Sempre me surpreendeu o porquê de no GXP, determinadas peças terem cavalos de metal, pesadíssimos e que faziam um barulho medonho nas mãos pouco graciosas de alguns jogadores mais emotivos do nosso Clube. Agora percebo! Mas há um mistério que nem o Eduardo Monteiro conseguiu resolver: Existem dois tipos de cavalo de metal no GXP. Um mais aparentado às peças "Jaques" de origem inglesa, outro enorme, alto, muito parecido com cavalos de peças russas do início do século. Porque teria o Sr. Oliveira feito dois tipos de cavalos? Onde foi buscar o molde para os realizar? Realmente o que teria levado alguém a roubar os cavalos de jogos de peças?! Seria o "tal" que os alimentava, ou algum sócio com um espírito encarnado de Chigorin? Aí vai o belíssimo texto do Engº Eduardo Monteiro, com as fotos dos cavalos referidos no mesmo, mais o tal de estilo "Chigoriniano". Por última uma foto deliciosa com uma equipa de luxo do GXP, campeã Nacional da 2ª Divisão, onde aparece o autor deste delicioso texto(o último da direita), bem como o Bernardino Passos, O Jaime Gilbert e o João Andersen.

Cavaleiros , cavalos, livro, pinha e parafusos


No final da década de cinquenta ou início dos anos sessenta, era possível observar um equídeo castanho , luxuosamente brilhante, montado por Cavaleiro vestido com facto nobre, onde nem faltava o apropriado chapéu .

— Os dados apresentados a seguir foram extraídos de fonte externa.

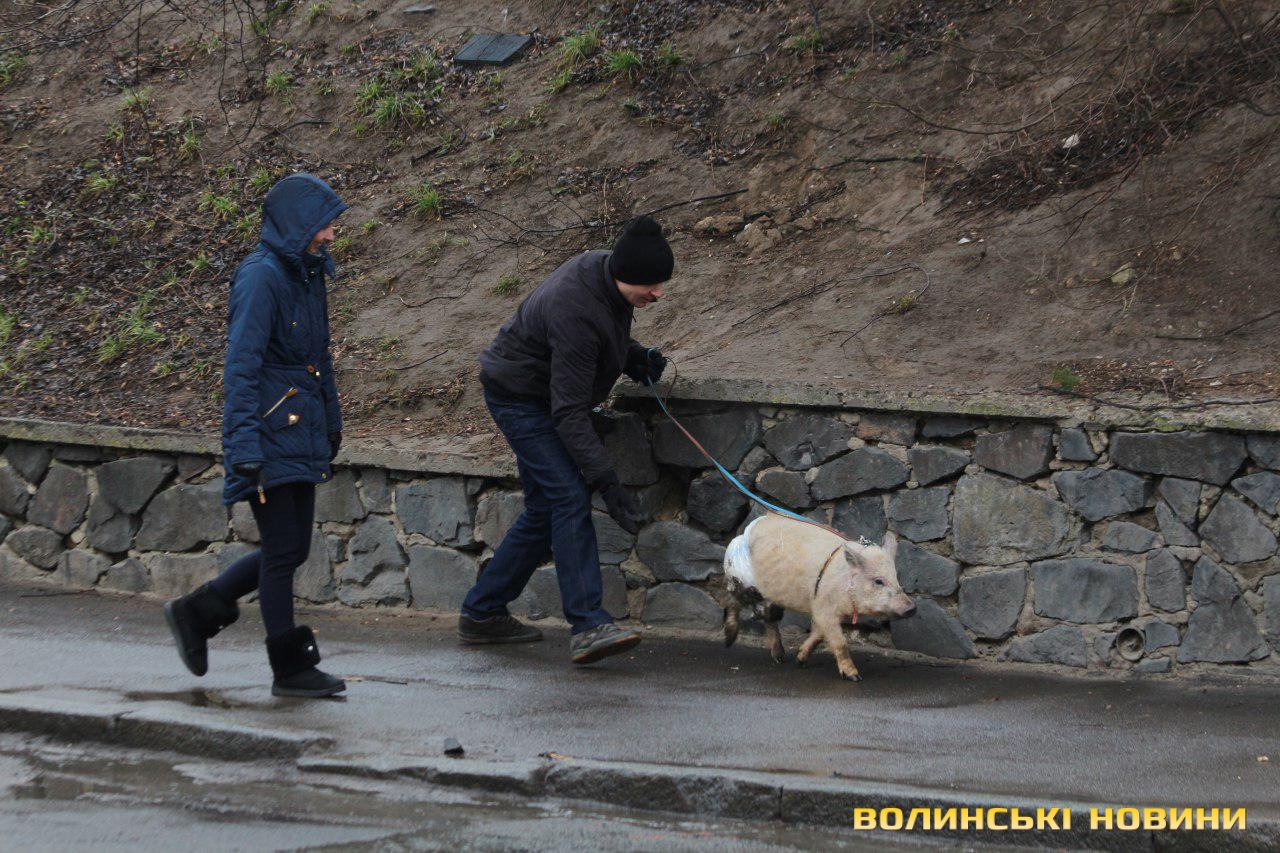 До слова, власника свині затримали поліцейські, які провели з ним роз’яснювальну бесіду.Раніше сьогодні інший волинянин привіз на Театральний майдан порося. Чоловік розповів, що це – «малий Свинарчук» і він його хоче подарувати президенту.

O cavalo num passo bailado levantava geometricamente as patas fazendo a minha delícia de adolescência. Era vulgar vê-lo em Stª Catarina ou na avenida dos Aliados no meio do transito, então muito mais denso que hoje mercê do baixíssimo custo da gasolina .


Por interessante casualidade, nesse tempo faltaram quatro cavalos num jogo do Grupo!!!!!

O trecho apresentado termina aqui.